Data below Block Start

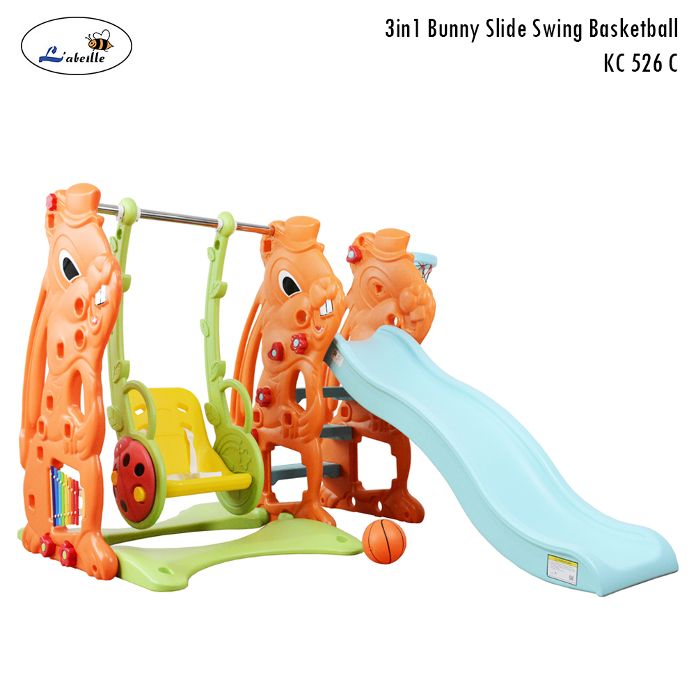 - Mainan perosotan dan ayunan yang dilengkapi dengan ring basket
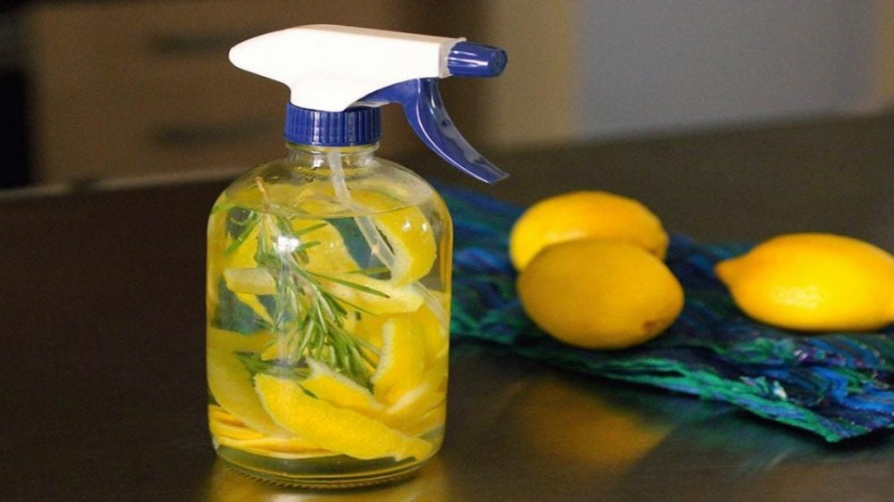 Dazu benötigen Sie Zitronenschalen, so viel, dass sie in jedes Glas passen, das Sie haben. Geben Sie Ihre Zitronenschale in das Glas und gießen Sie dann weißen Essig darüber. Lassen Sie die Lösung einige Wochen einwirken, entfernen Sie dann die Schalen und entsorgen Sie sie. Verdünnen Sie die Mischung mit Wasser im Verhältnis 1:1 und gießen Sie sie dann in eine Sprühflasche. Sie können den Geschmack variieren, indem Sie der Zitronenschale im Glas Mandelextrakt, Knoblauchzehen oder ganze Zimtstangen hinzufügen.
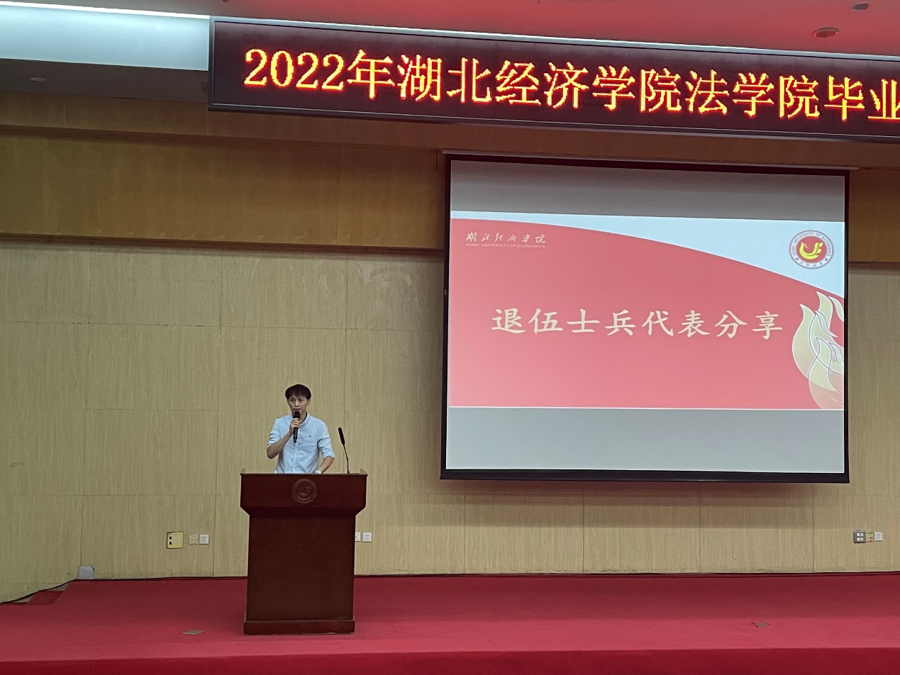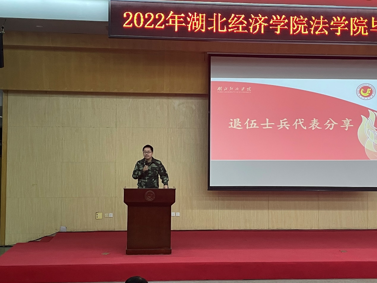 2名退伍士兵代表向同学们介绍了国家对入伍大学生的优待政策,鼓励同学们响应祖国召唤,献身国防大业,为同学们拓宽了就业渠道。

Data below Block End

• [Task statement]
Word for word, quote the full listing, omitting every picture.

• [Answer below]
 - Mainan perosotan dan ayunan yang dilengkapi dengan ring basket
 Dazu benötigen Sie Zitronenschalen, so viel, dass sie in jedes Glas passen, das Sie haben. Geben Sie Ihre Zitronenschale in das Glas und gießen Sie dann weißen Essig darüber. Lassen Sie die Lösung einige Wochen einwirken, entfernen Sie dann die Schalen und entsorgen Sie sie. Verdünnen Sie die Mischung mit Wasser im Verhältnis 1:1 und gießen Sie sie dann in eine Sprühflasche. Sie können den Geschmack variieren, indem Sie der Zitronenschale im Glas Mandelextrakt, Knoblauchzehen oder ganze Zimtstangen hinzufügen.
 2名退伍士兵代表向同学们介绍了国家对入伍大学生的优待政策,鼓励同学们响应祖国召唤,献身国防大业,为同学们拓宽了就业渠道。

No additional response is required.